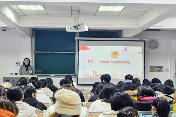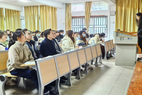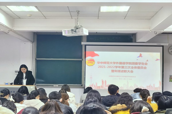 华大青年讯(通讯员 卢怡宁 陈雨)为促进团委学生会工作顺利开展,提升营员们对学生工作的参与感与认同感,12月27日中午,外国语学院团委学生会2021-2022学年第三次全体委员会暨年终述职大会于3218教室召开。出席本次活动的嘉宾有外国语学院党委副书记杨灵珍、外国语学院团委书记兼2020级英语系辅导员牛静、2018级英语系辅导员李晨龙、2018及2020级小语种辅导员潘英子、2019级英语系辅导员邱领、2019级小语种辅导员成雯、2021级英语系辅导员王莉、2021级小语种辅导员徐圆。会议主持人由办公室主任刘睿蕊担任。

...

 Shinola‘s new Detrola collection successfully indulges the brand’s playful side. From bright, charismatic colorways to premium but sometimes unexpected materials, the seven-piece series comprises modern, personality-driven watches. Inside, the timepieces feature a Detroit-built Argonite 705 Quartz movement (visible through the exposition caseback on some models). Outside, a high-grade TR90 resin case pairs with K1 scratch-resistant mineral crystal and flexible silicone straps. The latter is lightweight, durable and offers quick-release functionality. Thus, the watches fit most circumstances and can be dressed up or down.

---

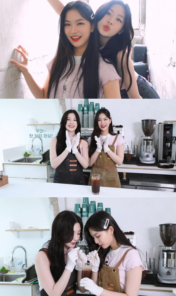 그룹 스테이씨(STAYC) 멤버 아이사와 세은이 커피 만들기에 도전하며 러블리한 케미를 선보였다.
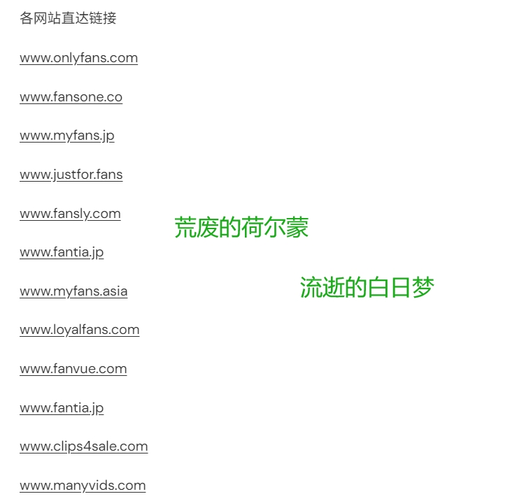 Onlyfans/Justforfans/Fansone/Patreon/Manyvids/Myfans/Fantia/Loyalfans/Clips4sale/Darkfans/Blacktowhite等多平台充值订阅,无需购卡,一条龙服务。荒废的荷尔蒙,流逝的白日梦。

* _Task to carry out_:
Reproduce the listing above only between the lines holding "그룹 스테이씨(STAYC) 멤버" and "Onlyfans/Justf", inclusive. Every line must match exactly, and pictures are dropped.

* _Solution below_:
 그룹 스테이씨(STAYC) 멤버 아이사와 세은이 커피 만들기에 도전하며 러블리한 케미를 선보였다.
 Onlyfans/Justforfans/Fansone/Patreon/Manyvids/Myfans/Fantia/Loyalfans/Clips4sale/Darkfans/Blacktowhite等多平台充值订阅,无需购卡,一条龙服务。荒废的荷尔蒙,流逝的白日梦。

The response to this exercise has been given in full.